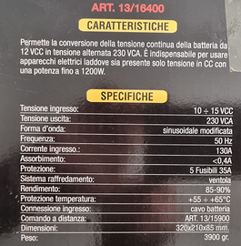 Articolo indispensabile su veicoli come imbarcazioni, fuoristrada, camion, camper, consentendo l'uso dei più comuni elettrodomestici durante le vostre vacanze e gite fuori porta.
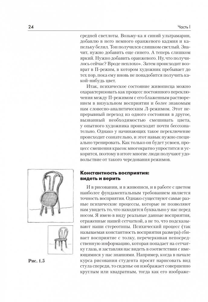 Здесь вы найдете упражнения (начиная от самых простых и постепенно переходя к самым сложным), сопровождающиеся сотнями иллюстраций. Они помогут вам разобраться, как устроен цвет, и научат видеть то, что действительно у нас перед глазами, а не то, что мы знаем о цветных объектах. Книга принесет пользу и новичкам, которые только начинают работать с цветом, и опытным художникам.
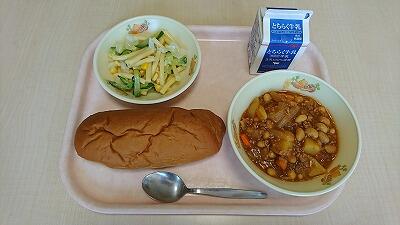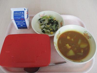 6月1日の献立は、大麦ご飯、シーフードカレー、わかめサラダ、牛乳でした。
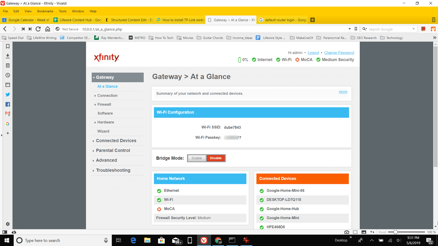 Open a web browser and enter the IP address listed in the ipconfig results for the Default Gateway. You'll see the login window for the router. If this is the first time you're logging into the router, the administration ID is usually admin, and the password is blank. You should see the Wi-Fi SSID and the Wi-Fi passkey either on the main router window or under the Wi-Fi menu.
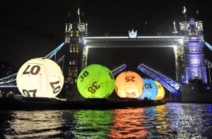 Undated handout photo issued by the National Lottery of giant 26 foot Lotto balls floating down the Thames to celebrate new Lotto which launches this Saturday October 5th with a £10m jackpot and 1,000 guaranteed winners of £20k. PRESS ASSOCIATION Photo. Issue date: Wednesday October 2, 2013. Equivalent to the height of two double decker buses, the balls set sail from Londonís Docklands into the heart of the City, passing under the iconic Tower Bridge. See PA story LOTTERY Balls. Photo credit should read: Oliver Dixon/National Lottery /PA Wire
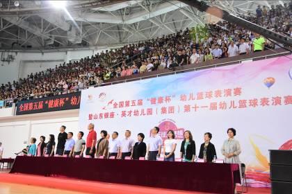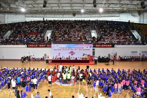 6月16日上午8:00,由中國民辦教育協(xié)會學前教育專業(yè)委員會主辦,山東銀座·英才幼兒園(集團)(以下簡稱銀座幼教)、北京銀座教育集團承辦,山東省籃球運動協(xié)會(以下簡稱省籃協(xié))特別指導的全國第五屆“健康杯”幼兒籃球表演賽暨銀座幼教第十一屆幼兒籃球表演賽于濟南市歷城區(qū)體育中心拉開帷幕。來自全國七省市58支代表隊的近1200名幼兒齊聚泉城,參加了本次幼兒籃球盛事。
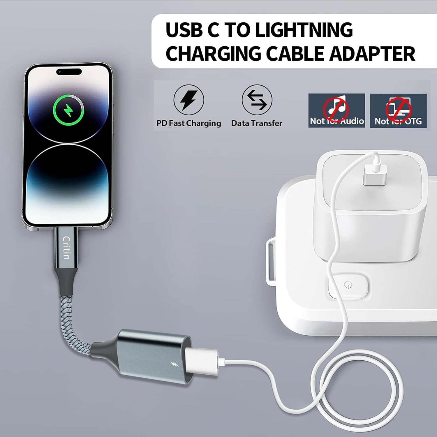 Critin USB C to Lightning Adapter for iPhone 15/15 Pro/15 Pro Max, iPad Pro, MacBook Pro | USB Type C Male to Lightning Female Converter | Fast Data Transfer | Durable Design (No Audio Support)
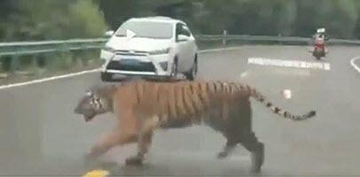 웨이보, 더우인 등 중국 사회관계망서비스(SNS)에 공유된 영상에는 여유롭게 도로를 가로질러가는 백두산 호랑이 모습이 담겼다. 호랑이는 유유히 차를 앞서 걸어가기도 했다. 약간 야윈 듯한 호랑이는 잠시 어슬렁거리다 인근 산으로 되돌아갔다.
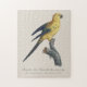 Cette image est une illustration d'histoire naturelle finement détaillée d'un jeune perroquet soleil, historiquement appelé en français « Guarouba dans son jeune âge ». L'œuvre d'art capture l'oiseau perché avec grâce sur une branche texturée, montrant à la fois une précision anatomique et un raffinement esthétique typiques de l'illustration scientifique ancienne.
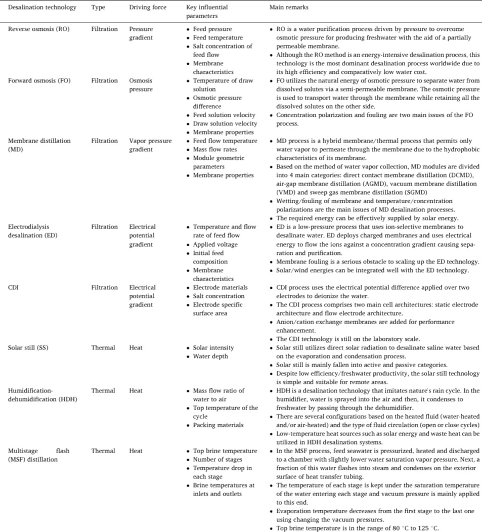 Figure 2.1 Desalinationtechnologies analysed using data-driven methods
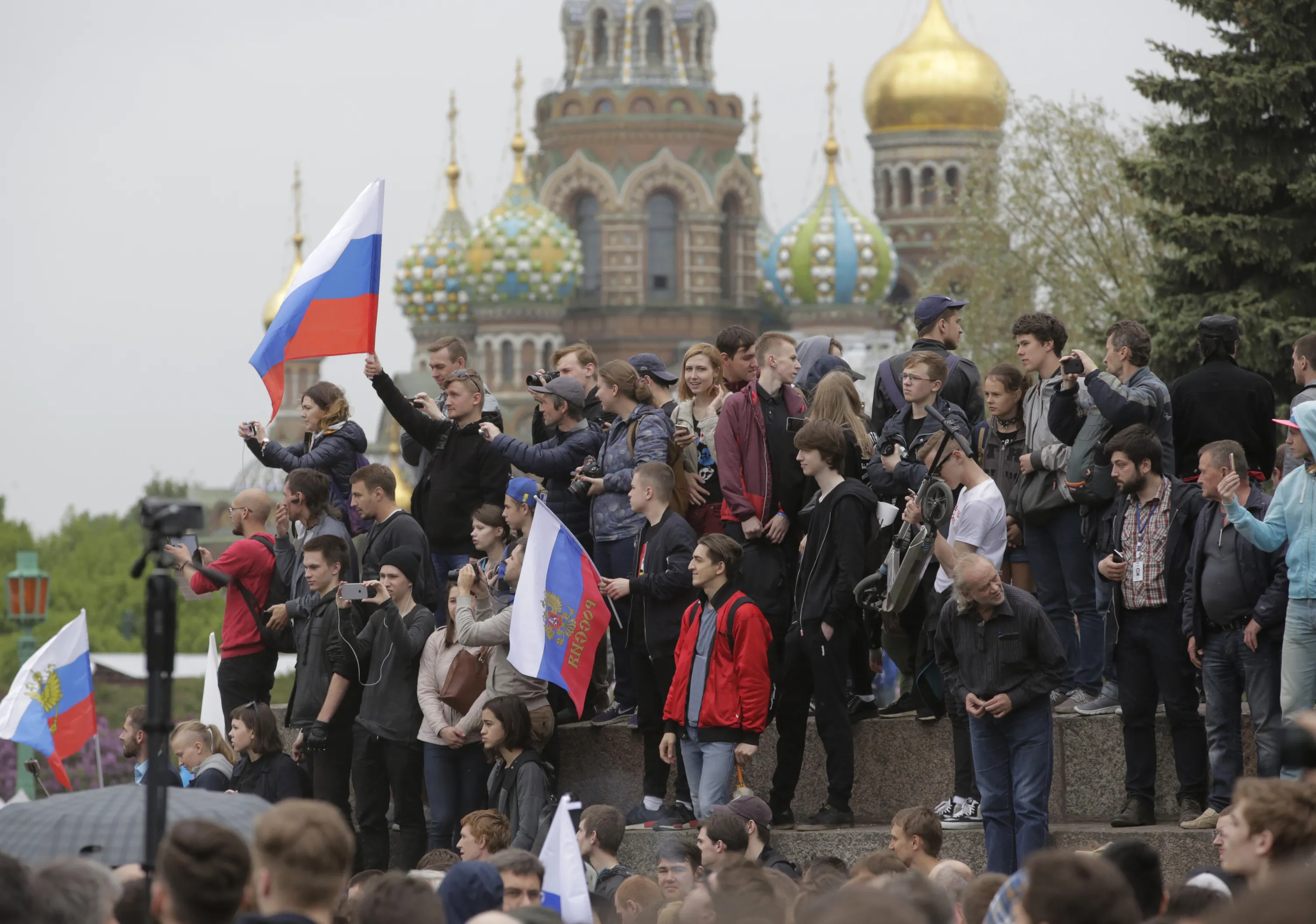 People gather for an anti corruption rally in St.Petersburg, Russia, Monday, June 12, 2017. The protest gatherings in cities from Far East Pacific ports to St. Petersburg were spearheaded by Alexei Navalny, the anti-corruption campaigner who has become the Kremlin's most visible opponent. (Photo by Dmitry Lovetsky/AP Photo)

* * * *

> _What this task involves_
Output exactly the lines of the listing above that start with the one holding "6月1日の献立は、大麦ご飯、シーフードカレー、わかめサラダ、牛乳でした。" and go on through the one holding "Undated handout photo"; leave the pictures out.

> _Answer box_
 6月1日の献立は、大麦ご飯、シーフードカレー、わかめサラダ、牛乳でした。
 Open a web browser and enter the IP address listed in the ipconfig results for the Default Gateway. You'll see the login window for the router. If this is the first time you're logging into the router, the administration ID is usually admin, and the password is blank. You should see the Wi-Fi SSID and the Wi-Fi passkey either on the main router window or under the Wi-Fi menu.
 Undated handout photo issued by the National Lottery of giant 26 foot Lotto balls floating down the Thames to celebrate new Lotto which launches this Saturday October 5th with a £10m jackpot and 1,000 guaranteed winners of £20k. PRESS ASSOCIATION Photo. Issue date: Wednesday October 2, 2013. Equivalent to the height of two double decker buses, the balls set sail from Londonís Docklands into the heart of the City, passing under the iconic Tower Bridge. See PA story LOTTERY Balls. Photo credit should read: Oliver Dixon/National Lottery /PA Wire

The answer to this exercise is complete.